((

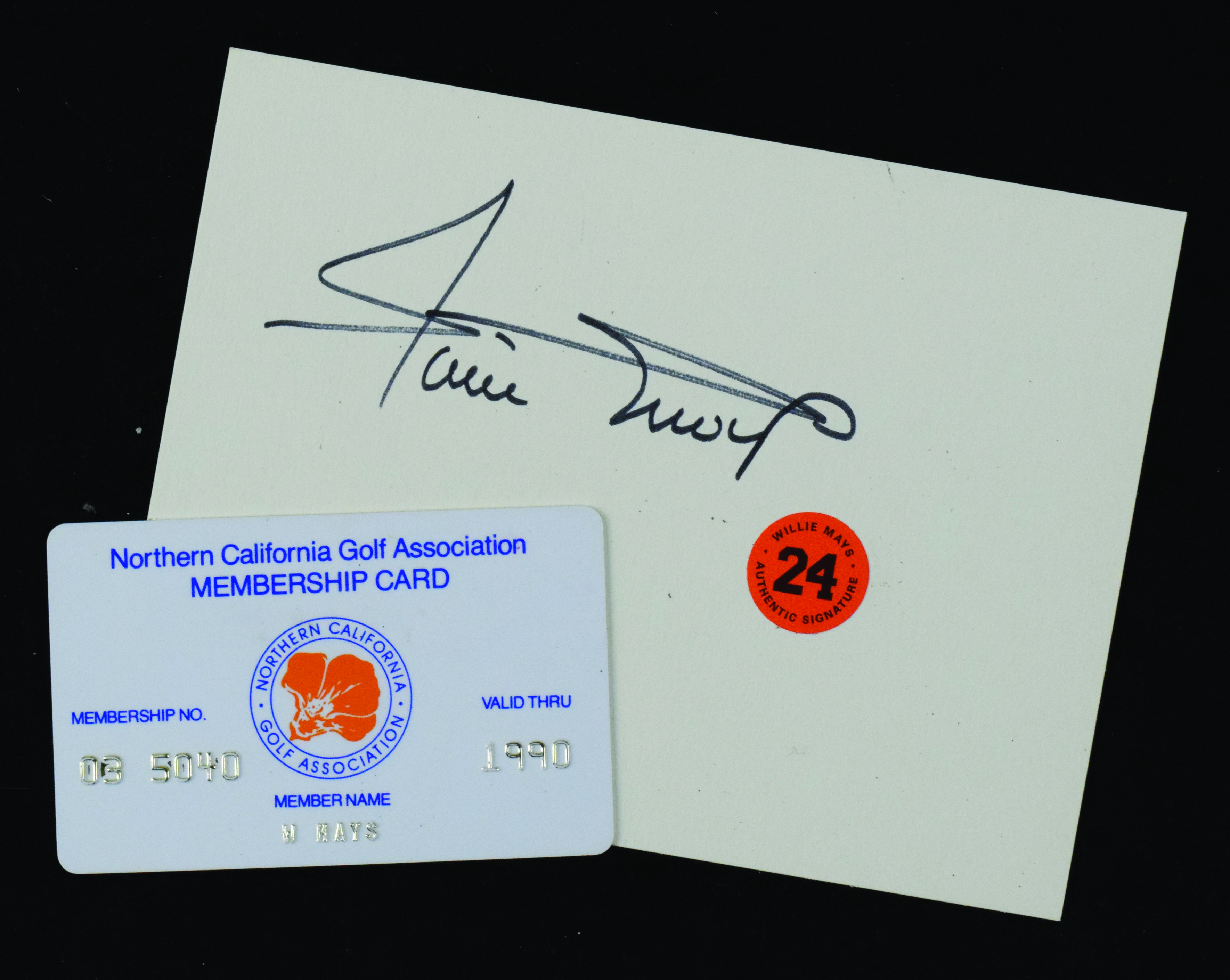 Description:Willie Mays Northern California Golf Association membership card with autograph (EX-NM) Includes slip of 4.5"x6" heavy stock paper signed "Willie Mays" in marker rating 8 out of 10. "Mays Authentic Signature" sticker affixed; his original membership card with "W Mays" name impressed. Some wear to membership card. Includes certificate of provenance from the Willie Mays Collection: EX-NM
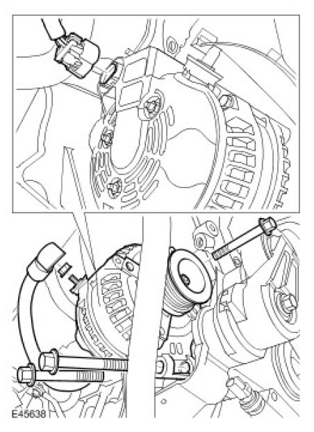 ^ Install and tighten the generator upper fixing bolt, before the lower bolts.
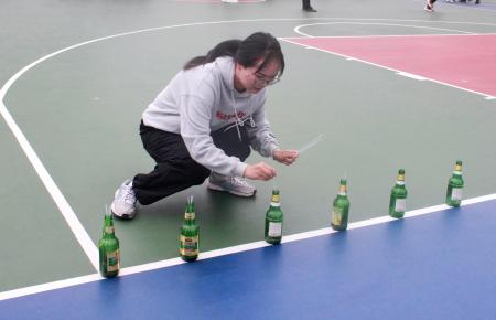 插秧比赛规则如名,参赛者们需要一个接一个地将自己手中的棒子准确地插入一个个玻璃瓶中,弯腰比赛时的动作正如插秧的情景。比赛时,学院的教工们面带笑容,挥洒汗水,凭借完美的配合和熟练的技巧,摘取了比赛的桂冠。
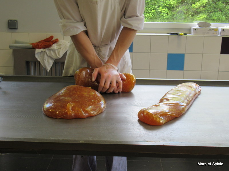 Il faut alors façonner des pains afin de pouvoir les passer dans la "machine à bonbons"! La pâte passe alors dans un cylindre en bronze.
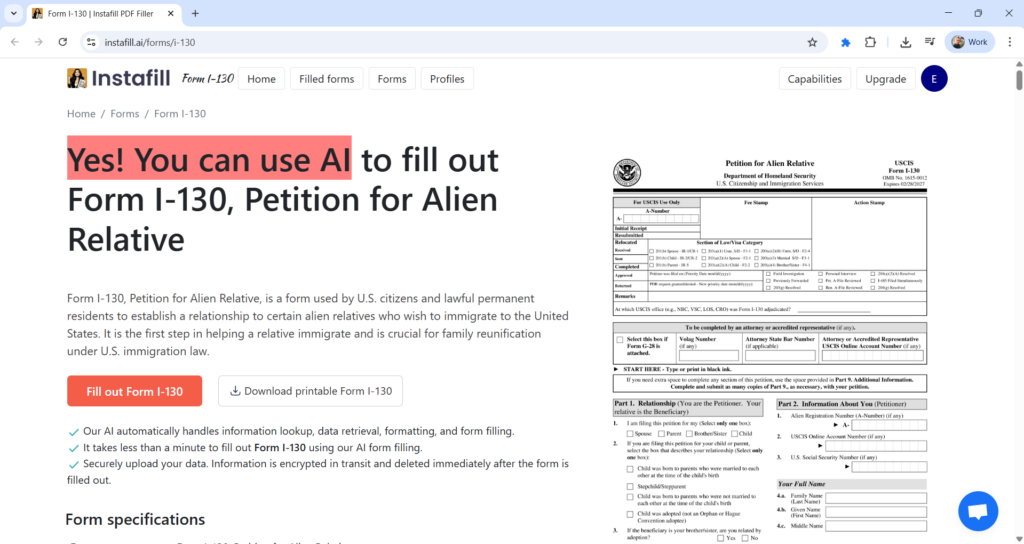 Instafill.ai’s approach to USCIS forms addressed each layer of immigration documentation complexity:

))

Each record above is to be copied exactly. Drop the pictures.

* [Solution]:
 Description:Willie Mays Northern California Golf Association membership card with autograph (EX-NM) Includes slip of 4.5"x6" heavy stock paper signed "Willie Mays" in marker rating 8 out of 10. "Mays Authentic Signature" sticker affixed; his original membership card with "W Mays" name impressed. Some wear to membership card. Includes certificate of provenance from the Willie Mays Collection: EX-NM
 ^ Install and tighten the generator upper fixing bolt, before the lower bolts.
 插秧比赛规则如名,参赛者们需要一个接一个地将自己手中的棒子准确地插入一个个玻璃瓶中,弯腰比赛时的动作正如插秧的情景。比赛时,学院的教工们面带笑容,挥洒汗水,凭借完美的配合和熟练的技巧,摘取了比赛的桂冠。
 Il faut alors façonner des pains afin de pouvoir les passer dans la "machine à bonbons"! La pâte passe alors dans un cylindre en bronze.
 Instafill.ai’s approach to USCIS forms addressed each layer of immigration documentation complexity:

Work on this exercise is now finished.